— WORK TO BE COMPLETED —
The expected output is the full data, repeated exactly, without pictures.

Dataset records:

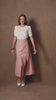 Conjunto delicado e elegante composto por blusa em tecido leve com bordados em destaque na parte frontal e posterior, trazendo um toque artesanal e sofisticado, além de mangas curtas e modelagem confortável. Acompanha saia midi em alfaiataria no tom rosa, com caimento impecável, bolso utilitário lateral e fenda frontal que valoriza o movimento, resultando em um visual feminino e moderno.
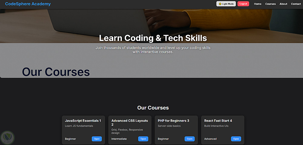 CodeSphere Academy – منصة تعليمية تفاعلية لتعلم مهارات البرمجة والتطوير.
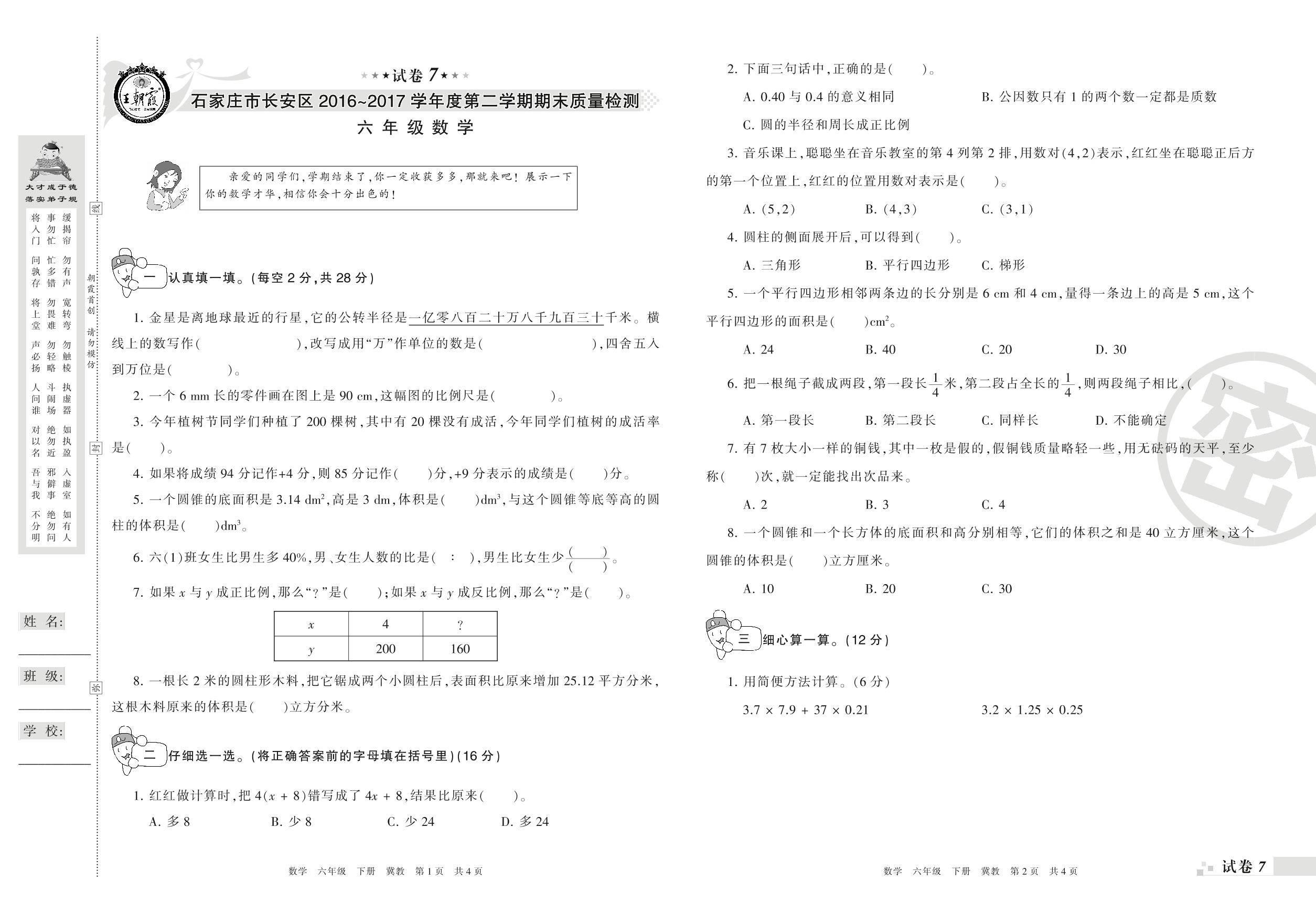 2016-2017学年第二学期石家庄市长安区六年级数学试卷(冀教版)【7】
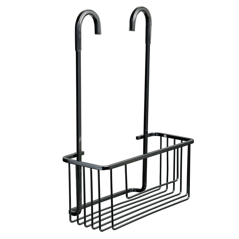 Este cestillo tiene incorpora dos ganchos en la parte superior para colgar en el grifo de la ducha. Fabricado en aluminio con acabado en color negro. En su interior podrás depositar los utensilios de aseo y tenerlos a mano.
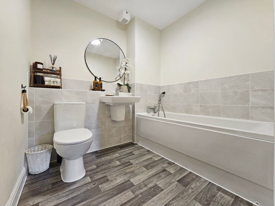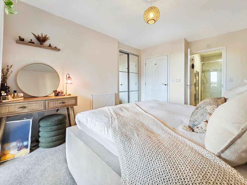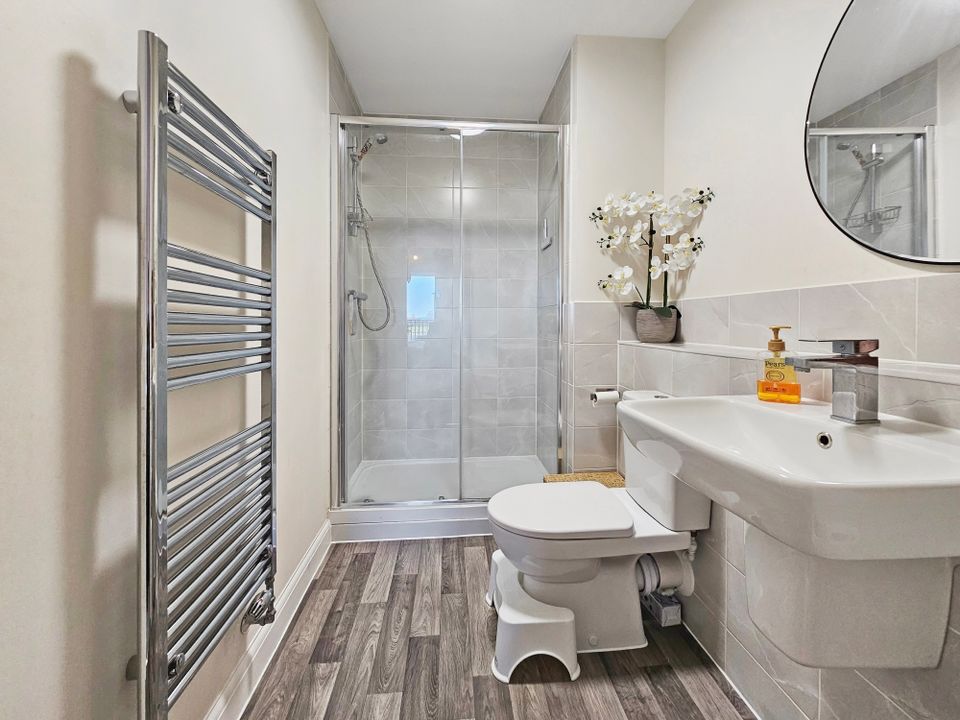 Both bedrooms are generous doubles with bedroom one benefiting from an ensuite shower room and mirrored built-in wardrobes. The family bathroom completes the accommodation and has been fitted with a modern three-piece white suite with shower over the bath and attractive floor-to-ceiling tiles.
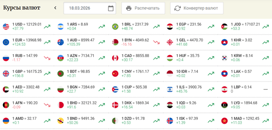 Курс доллара составил 12 129,01 сумов (+37,79), фунта 16 175,25 сумов (+156,8), евро 13 968,98 сумов (+124,53), а рубля 147,99 сумов (-1,17).

— EXERCISE RESPONSE —
 Conjunto delicado e elegante composto por blusa em tecido leve com bordados em destaque na parte frontal e posterior, trazendo um toque artesanal e sofisticado, além de mangas curtas e modelagem confortável. Acompanha saia midi em alfaiataria no tom rosa, com caimento impecável, bolso utilitário lateral e fenda frontal que valoriza o movimento, resultando em um visual feminino e moderno.
 CodeSphere Academy – منصة تعليمية تفاعلية لتعلم مهارات البرمجة والتطوير.
 2016-2017学年第二学期石家庄市长安区六年级数学试卷(冀教版)【7】
 Este cestillo tiene incorpora dos ganchos en la parte superior para colgar en el grifo de la ducha. Fabricado en aluminio con acabado en color negro. En su interior podrás depositar los utensilios de aseo y tenerlos a mano.
 Both bedrooms are generous doubles with bedroom one benefiting from an ensuite shower room and mirrored built-in wardrobes. The family bathroom completes the accommodation and has been fitted with a modern three-piece white suite with shower over the bath and attractive floor-to-ceiling tiles.
 Курс доллара составил 12 129,01 сумов (+37,79), фунта 16 175,25 сумов (+156,8), евро 13 968,98 сумов (+124,53), а рубля 147,99 сумов (-1,17).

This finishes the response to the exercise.